4.1 | Identification of natural hybrids
R. stricta and R. turczaninovii were planted in the experimental base of SAGS. We collected the seeds of the two species and planted them individually. We found that there were randomly distributed sterile plants in the experiment field. These sterile plants grew stronger than around plants and their seed set is very low (Figures 1a-c and 3). They were morphologically intermediate between R. strictaand R. turczaninovii , such as pubescence of leaf, basal leaf sheath and stem node (Figures 1d-o). We hypothesized that the plants were hybrids of R. stricta and R. turczaninovii .

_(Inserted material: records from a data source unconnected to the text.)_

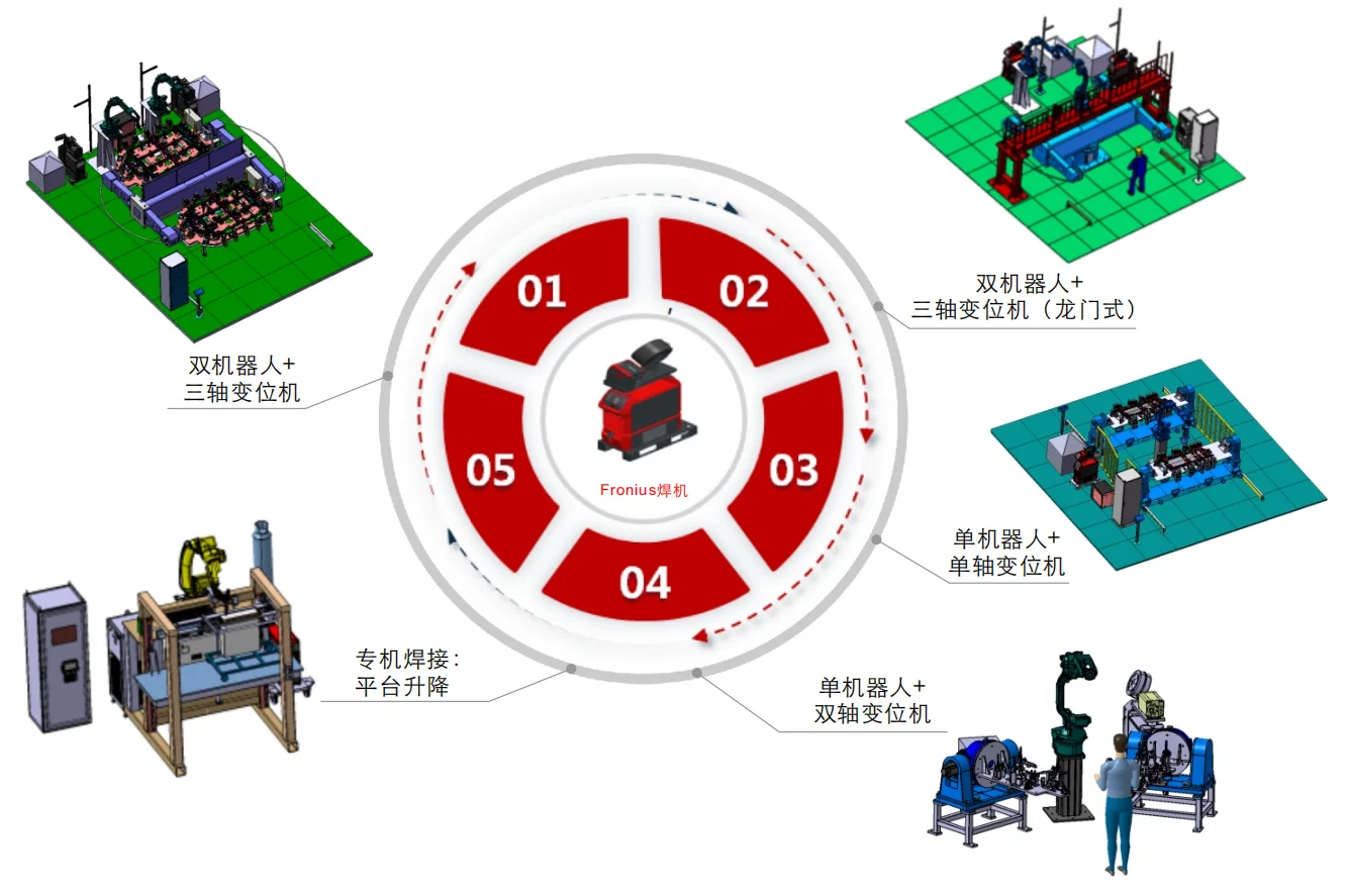 以FRONIUS焊机为核心,集成机器人+变位机+自动化焊接夹具+PLC电控系统,可以满足小于5mm的薄板焊接(变形量小,成型好),又能满足5-30mm的中厚板焊接(焊接时不用预热、不用开剖口的情况下,依旧可以保证产品的熔深≥1.2mm,且焊缝成型好,气孔率低)。
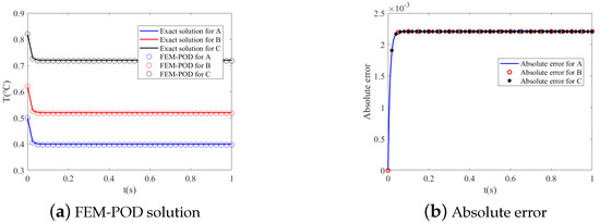 Figure 2 illustrates the correlation between the quantity of POD bases and the norm error when and using square elements at . Evidently, a limited number of POD bases suffice to minimize the norm error, highlighting the FEM-POD’s efficiency in significantly diminishing unknown variables while maintaining satisfactory computational precision. Furthermore, as the number of POD bases r increases beyond a certain threshold, the norm error plateaus. Additionally, Figure 3 compares the numerical solutions at points A, B and C between the FEM-POD approach and the exact solution, revealing excellent alignment between the two sets of results.
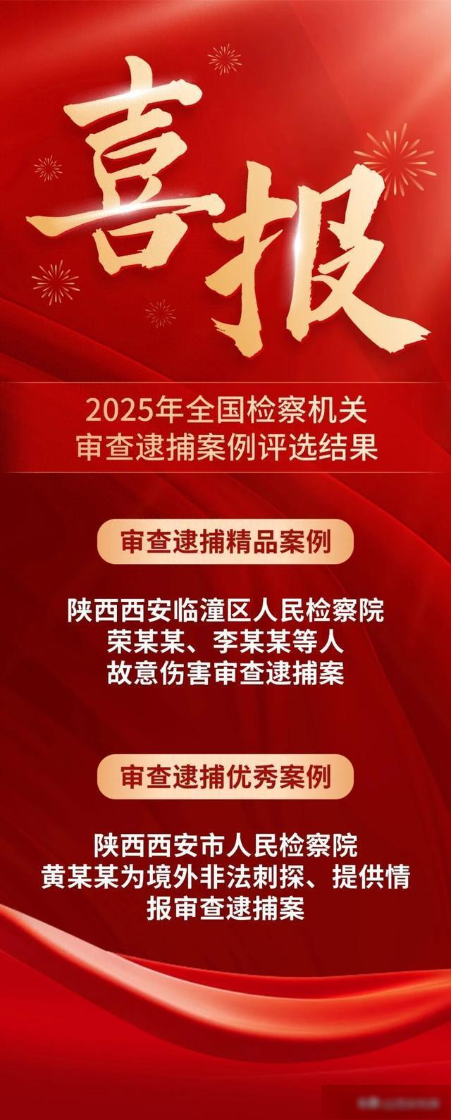 12月16日,最高人民检察院通报2025年全国检察机关审查逮捕案例评选结果,“审查逮捕精品案例”20件、“审查逮捕优秀案例”30件,其中临潼区人民检察院办理的荣某某、李某某等人故意伤害审查逮捕案入选“审查逮捕精品案例”,西安市人民检察院办理的黄某某为境外非法刺探、提供情报审查逮捕案入选“审查逮捕优秀案例”。

Karyotype analysis showed that 57 putative natural hybrids were tetraploids, 2n=4x=28 (Figure 4). Chromosomal pairing analysis showed that meiosis of R. stricta and R. turczaninovii were more regular than the putative hybrids (Figure 5). Except for hybrid RH2-31, all hybrids had univalent at MI. Univalent varying from 0.42 to 2.00 in hybrids RH1, whereas it varying from 0 to 3.45 in hybrids RH2 (Table S2). In all hybrids, the c-value was higher than 0.81, indicating that chromosome pairing of the hybrids was comparatively regular, and had two sets of homology genomes.
FISH analysis using St2-80 showed that the 14 chromosomes of R. stricta , R. turczaninovii and the natural hybrids displayed St type (Figures 6a, c, e and 7a, c, e), indicating that they contained one set of the St genome. This result was confirmed by GISH, where 28 chromosomes were hybridized with the StY probe from R. ciliaris (Figures 6b, d, f and 7b, d, f). The results of in situ hybridization showed that the genomic constitution of the parents and hybrids was StY .
The above results indicated that these hybrids were tetraploids with theStY genome.